Dermatofibrosarcoma protuberans (DFSP) is a low- to intermediate-grade dermal soft tissue malignant tumor (sarcoma) with a high local recurrence rate but low metastatic potential. DFSP is characterized by uniform spindle cell fascicles arranged classically in a storiform pattern and by CD34 immunoreactivity. On gross examination, DFSP usually manifests as a white or yellow soft tissue mass with a smooth outer surface and poor circumscription. In this study, we report a case of DFSP with fibrosarcomatous transformation, a rare but well-known phenomenon encountered in DFSP that is correlated with an increased risk of adverse outcomes in patients with DFSP. A 45-year-old male presented with a progressively enlarging lump on his left shoulder, initially suspected of being a lipoma but diagnosed as a fibrosarcomatous transformation of DFSP. Surgical resection was performed, with the subsequent identification of metastatic sarcoma in pulmonary nodules. Robotic-assisted thoracoscopy excised the nodules, confirming metastatic sarcoma with aggressive behavior. Despite negative adjuvant treatment plans, the patient remains under surveillance with imaging, showing no recurrence in recent scans. Continued follow-up with medical and surgical oncology is planned. DFSP is a rare soft tissue sarcoma characterized by indolent growth and low metastatic potential, except in fibrosarcomatous transformation cases. Molecularly, DFSP is defined by a COL1A1-PDGFB fusion transcript that is targetable with imatinib therapy. Treatment involves wide surgical resection, with adjuvant radiation therapy in select cases. Radiation therapy may be employed in cases with close or positive margins, while conventional chemotherapy has limited utility. Multidisciplinary collaboration is crucial for optimal management. Overall, this case underscores the challenges in diagnosing and managing aggressive sarcomas like fibrosarcomatous DFSP, emphasizing the importance of vigilant surveillance and multidisciplinary collaboration in optimizing patient outcomes. Further research is needed to understand the mechanisms underlying fibrosarcomatous transformation and to explore novel therapeutic avenues for this challenging malignancy.
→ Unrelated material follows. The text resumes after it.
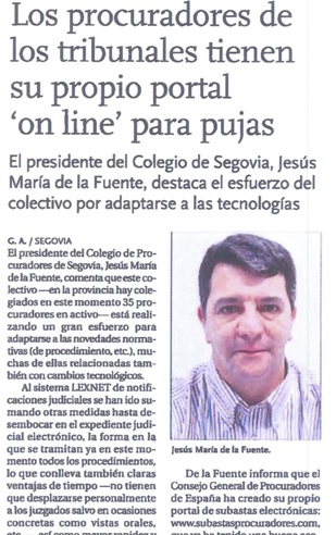 Queremos compartir el artículo que recoge los comentarios del Decano del Iltre. Colegio de Procuradores de Segovia, Jesús María de la Fuente, a temas de actualidad para la profesión como la adaptación a las nuevas tecnologías, Lexnet, las subastas judiciales y plataforma del CGPE, entre otros.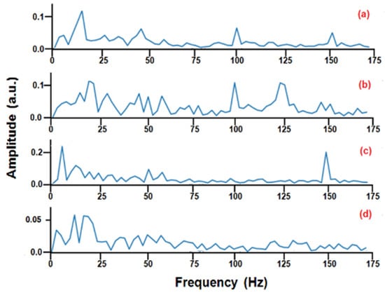 Spectral response of 0.4 s of the measured vibration signal with a (a) healthy WTB, (b) crack on the tip, (c) crack in the midsection, and (d) crack in the root.

隆突性皮肤纤维肉瘤(DFSP)是一种低至中级别真皮软组织恶性肿瘤(肉瘤),局部复发率高但转移潜能低。DFSP的特征是梭形细胞束均匀,典型地呈车辐状排列,且CD34免疫反应阳性。大体检查时,DFSP通常表现为白色或黄色软组织肿块,外表面光滑,边界不清。在本研究中,我们报告了一例发生纤维肉瘤变的DFSP病例,这是DFSP中一种罕见但广为人知的现象,与DFSP患者不良预后风险增加相关。一名45岁男性因左肩肿块逐渐增大就诊,最初怀疑是脂肪瘤,但诊断为DFSP纤维肉瘤变。进行了手术切除,随后在肺结节中发现转移性肉瘤。机器人辅助胸腔镜切除了结节,证实为具有侵袭性行为的转移性肉瘤。尽管辅助治疗计划为阴性,但患者仍接受影像学监测,近期扫描未显示复发。计划继续由医学肿瘤学和外科肿瘤学进行随访。DFSP是一种罕见的软组织肉瘤,除纤维肉瘤变病例外,其生长缓慢且转移潜能低。从分子角度来看,DFSP由可被伊马替尼治疗靶向的COL1A1-PDGFB融合转录本定义。治疗包括广泛手术切除,部分病例采用辅助放疗。切缘接近或阳性的病例可采用放疗,而传统化疗效用有限。多学科协作对于优化管理至关重要。总体而言,该病例凸显了诊断和管理像纤维肉瘤变DFSP这样的侵袭性肉瘤的挑战,强调了在优化患者预后方面进行 vigilant监测和多学科协作的重要性。需要进一步研究以了解纤维肉瘤变的潜在机制,并探索针对这种具有挑战性的恶性肿瘤的新治疗途径。